Acting Assistant Surgeon, U. S. A.





Sworn to before me,


      Assistant Surgeon U. S. A., in charge of Hospital.

Deposition of the Rev. ROBERT LOWRY, Chaplin, U. S. A., Minister of Protestant Episcopal Church, Diocese of New York, under Bishop Potter:

            Entered upon my duties here July 4, 1862, and have continued here until this time.

            In my intercourse with the prisoners, I was guided systematically by the same rules with which I visited Union soldiers. The prisoners were equally well lodged with our own men. I remarked at the time of their arrival how neat and comfortable a provision had been made in the tents and pavilions for their comfort, with an ample supply of beds and bedding.

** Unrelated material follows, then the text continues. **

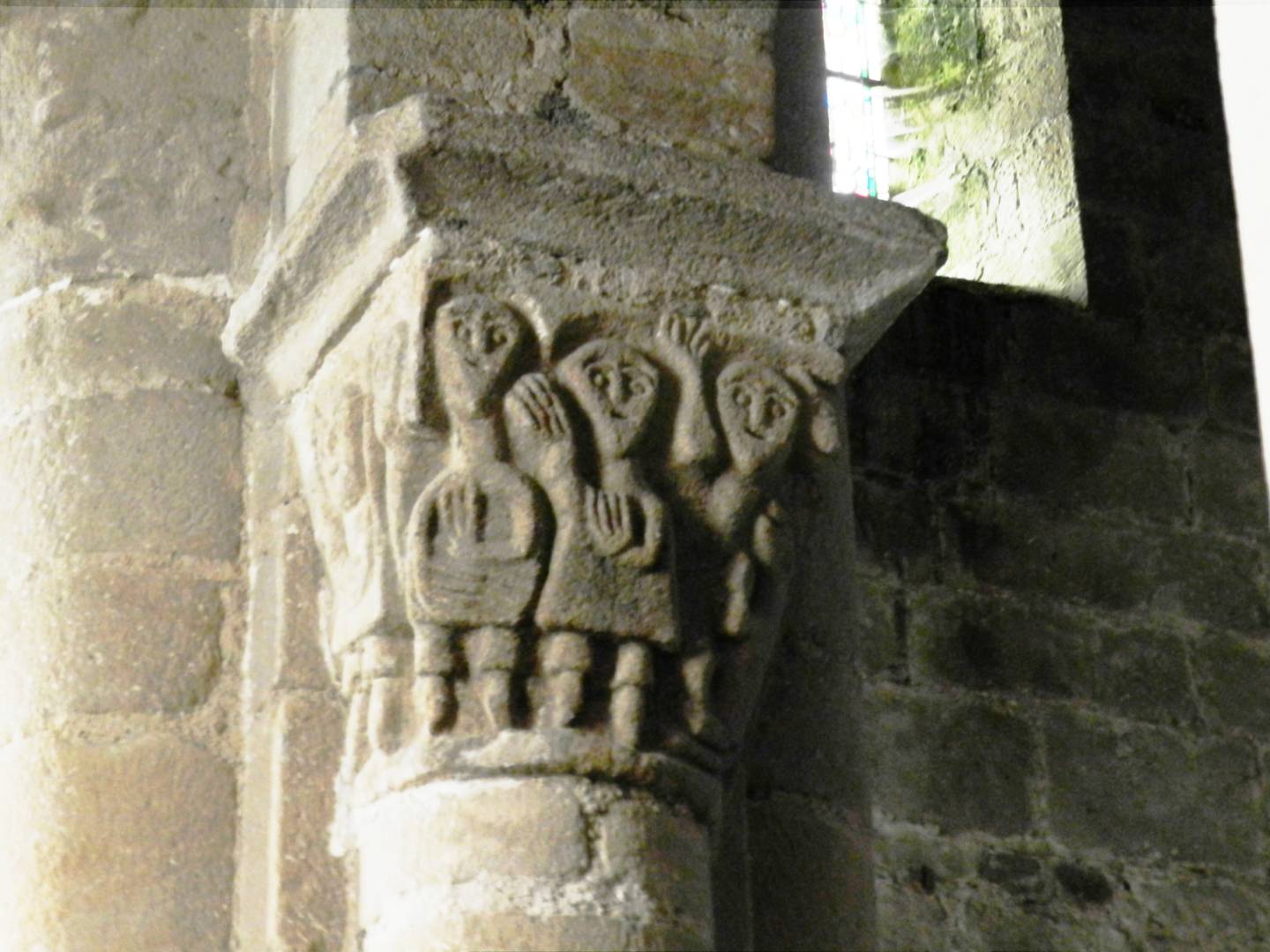 Les chapiteaux représentent l’assimilation de cultes antérieurs par le christianisme : des divinités païennes côtoient des hommes d’église.

            I met the first transport at Philadelphia, and returned on the same with them to David’s Island. The prisoners were in a most filthy condition, miserably clad, and covered with vermin. Each man received a bath and was immediately furnished with clean clothing, the old clothing being removed and burned. In the prosecution of my duties I was frequently present at their dinners, which were ample, superior, both as respects quantity and quality, to anything I have ever seen in hospital diet. The diet furnished to them was superior even to that of our own patients. This resulted from the fact that many little luxuries were furnished by private donation. There were other comforts and conveniences afforded them beyond those of food, clothing, and shelter.

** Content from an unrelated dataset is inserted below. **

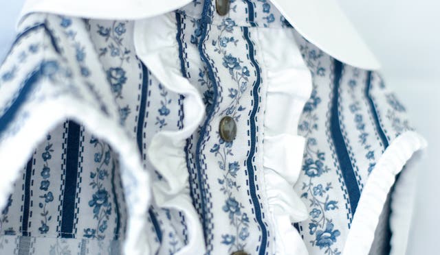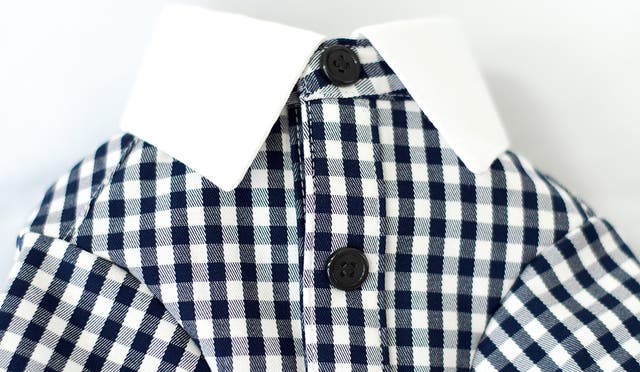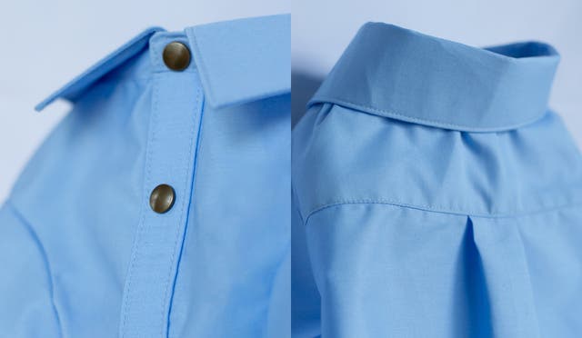白い襟付きで、きちんとした印象を加えつつ、ボタン風のスナップボタンは、フォーマルに見えつつも、簡単に着脱できる実用的なデザインです。

            A library of two thousand volumes, that had been previously used by our own soldiers, was at once thrown open to them, and every facility afforded for the use of the volumes. Being present as librarian, and taking each man’s name as he received his book, the library was used by them far more than by our own people. As had been my practice, I went through the tents and pavilions with bibles and prayer books, making the special inquiry to every man, “Are you supplied?” And furnishing books in all cases where they were required.

            Religious services were held in the chapel twice every Sunday, and two or three times during the week, at which they were invited to be present, and attended in such numbers that the chapel was always crowded, the capacity of the chapel being three hundred, and some occasions numbers stood at the windows during the entire service.

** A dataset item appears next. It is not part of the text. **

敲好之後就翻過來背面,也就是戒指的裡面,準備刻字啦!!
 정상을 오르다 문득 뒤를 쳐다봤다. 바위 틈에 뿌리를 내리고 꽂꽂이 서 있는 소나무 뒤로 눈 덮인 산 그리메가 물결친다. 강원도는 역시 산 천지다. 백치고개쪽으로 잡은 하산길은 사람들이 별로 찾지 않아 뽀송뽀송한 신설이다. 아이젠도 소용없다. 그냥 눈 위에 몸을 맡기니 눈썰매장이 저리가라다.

            I was supervisor of the post office, and officially appointed to examine the contents of letters, which were mailed and forwarded on my approval. Paper and envelopes were furnished gratuitously, and post stamps, when needed, were supplied to the extent of one hundred and fifty dollars, to my knowledge, gratuitously. From three to five hundred letters were forwarded daily after the first  arrival of prisoners.

            The common expression in their letters as to their condition was that “we have everything we need, and could not he better off.”

            Funeral service was always performed over the dead, using the service of the Protestant Episcopal Church over the remains of the dead. A record was uniformly made of the names, company, and regiment, of the deceased, and date of death. This record was made independently of a formal Hospital register.  


Chaplain U. S. A.

Sworn to before me,


      Assistant Surgeon U. S. A., In charge.